The query Fmeasure Coverage score represents how well the CQAs are covered, even though all results are not exactly equivalent. For example, if a rewritten query retrieves 99 instances over the 100 expected ones, the query Fmeasure score is 0.99 (cf. Equation 3).
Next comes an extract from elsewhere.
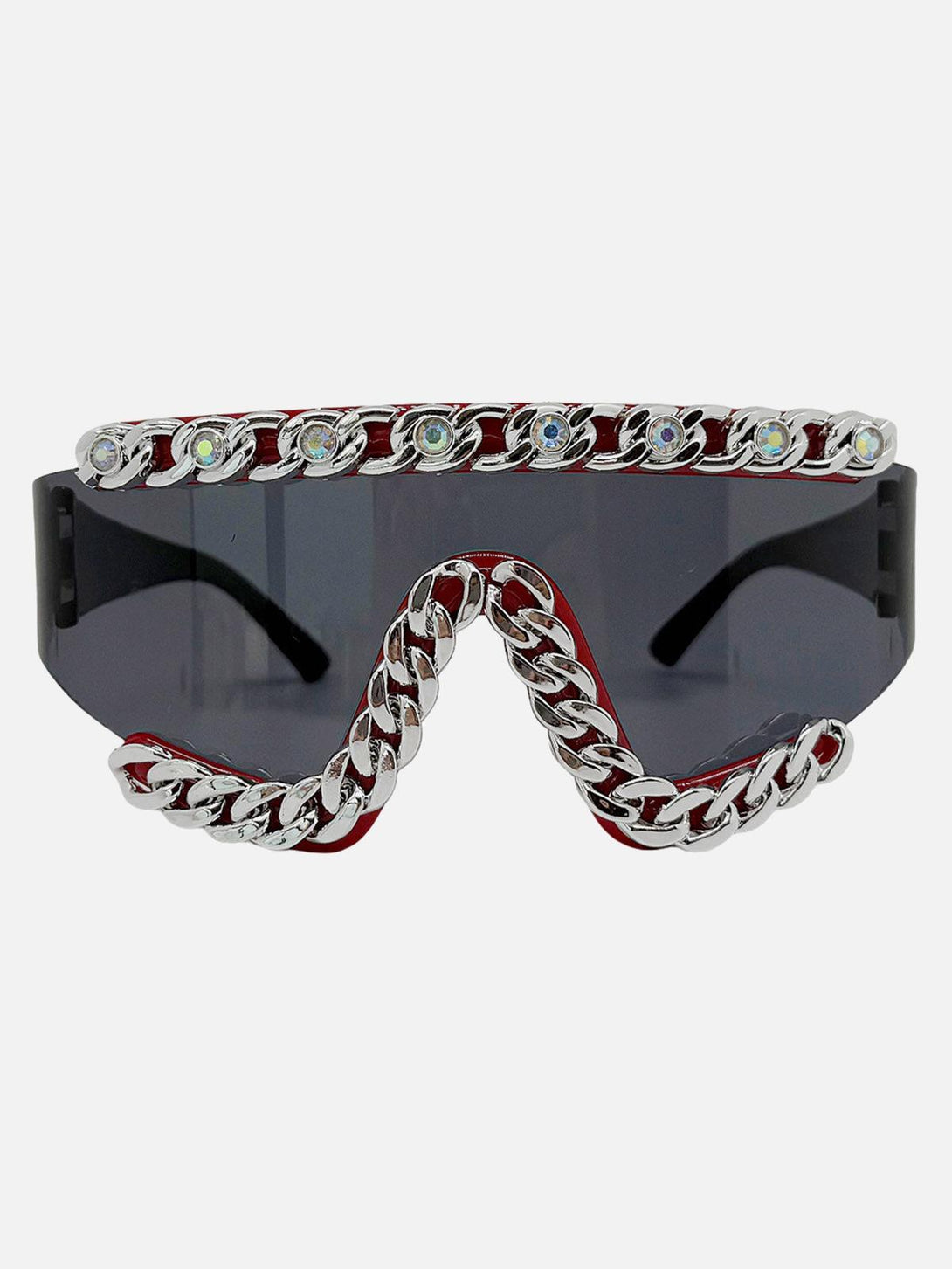 Turn heads on the streets with these audacious sunglasses, where bold chain accents meet sleek, dark lenses for a look that screams urban edge. The intricate chain detailing weaves across the top and sides, giving a futuristic vibe that's perfect for those channeling their inner Y2K aesthetic. Designed in a versatile one-size-fits-all, these shades offer a snug fit that pairs effortlessly with any streetwear fashion ensemble. Whether you're hitting the city or lounging at a rooftop party, these sunglasses are your go-to for injecting some serious attitude into your outfit ideas. Slide them on and let the world see you shine.

CANARD obtains the best query Fmeasure Coverage score (0.505), followed very closely by AMLC+ra1 (0.502), while ra1 alone 0.409.
ra1 obtains a 0.97 not disjoint Precision score because the interpretation of the ontologies during their population changed a little from that of ra1. (e.g., (conference:Poster , ekaw:Poster Paper , ≡ ) and ( conference:Poster , confOf:Poster , ≡ ) are not correct anymore because conference:Poster was considered to be the actual poster object in the population, and not a poster paper). The Precision and Coverage scores of AML and DOME are lower on the Populated Conference dataset than on the Original dataset. The Coverage scores of Alin are lower on the Populated Conference dataset because it encountered errors over the pairs with the cmt ontology.
The simple reference alignment ra1 obtains the best of the simple alignments Coverage scores overall (classical 0.37, query Fmeasure 0.41). AML has the best Coverage scores (classical 0.31, query Fmeasure 0.37) of the simple alignment systems followed by Wiktionary (classical 0.26, query Fmeasure 0.34). AMLC improves the Coverage of ra1 which it includes (classical 0.46, query Fmeasure 0.50).
Alin, AML, DOME, LogMap, LogMapKG, ONTMAT1 obtain Precision scores similar to ra1’s which leads to think that most of their correspondences are correct. The Precision scores of POMAP++ is overall the lowest and AMLC (only the complex output correspondences) comes second last.